Automation: Powering More Efficient and Effective Credit Decisions

A Guide to Implementing Automated Credit Decisioning Strategies 

A typical business credit assessment can be broken down into three steps: identity resolution and verification, decisioning (whether to approve or decline the credit request), and credit limit assignment. Our clients have seen that third-party data is integral to making a truly informed credit assessment (and we hope you do too.)

Automation helps to streamline credit assessments and has many potential benefits: cost savings; more consistent, faster decisions; and ultimately, a better client experience. If you’re curious about how to get started, read on.

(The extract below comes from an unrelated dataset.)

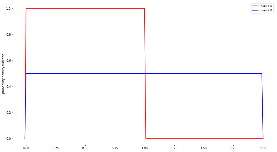 从图中可看出,红色概率密度函数只在0~1才会发生,曲线与x轴的0~1区间所封闭的面积为全概率1.0.
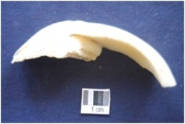 | Description / विवरण | Fragment of shell circlet has partly irregular interior, medium polished and rough rectangular cross-section. |

Identity Resolution and Verification

As the first step in the decisioning process, verifying the applicant’s identity is critical to ensuring the right information is evaluated. After all, you don’t want to approve a new customer named ABC, Inc. without confirming whether they’re Advanced Business Corporation, Inc. or American Brewing Company, Inc. Investing in optimizing business entity matching—or identity resolution—can help to resolve these mistakes.

A robust business identity matching process is also vital to automated decisioning, as it removes as much of the manual review as possible. Here are four factors that drive the success of a match process:

  • Quality and Completeness of the Inquiry Data — all fields should be populated with valid, correct data. Something as simple as form validation can measurably improve the results.
  • Quality and Completeness of the Reference Data — unlike consumer data, where a Social Security number easily disambiguates individuals with otherwise similar identity data, matching business entities presents a greater challenge. To increase the chances of a successful match, work with the most complete reference file available. In addition to fields equivalent to those in the inquiry data, alternate values (tradestyle business names, former addresses, etc.) also increase the chances of a successful match.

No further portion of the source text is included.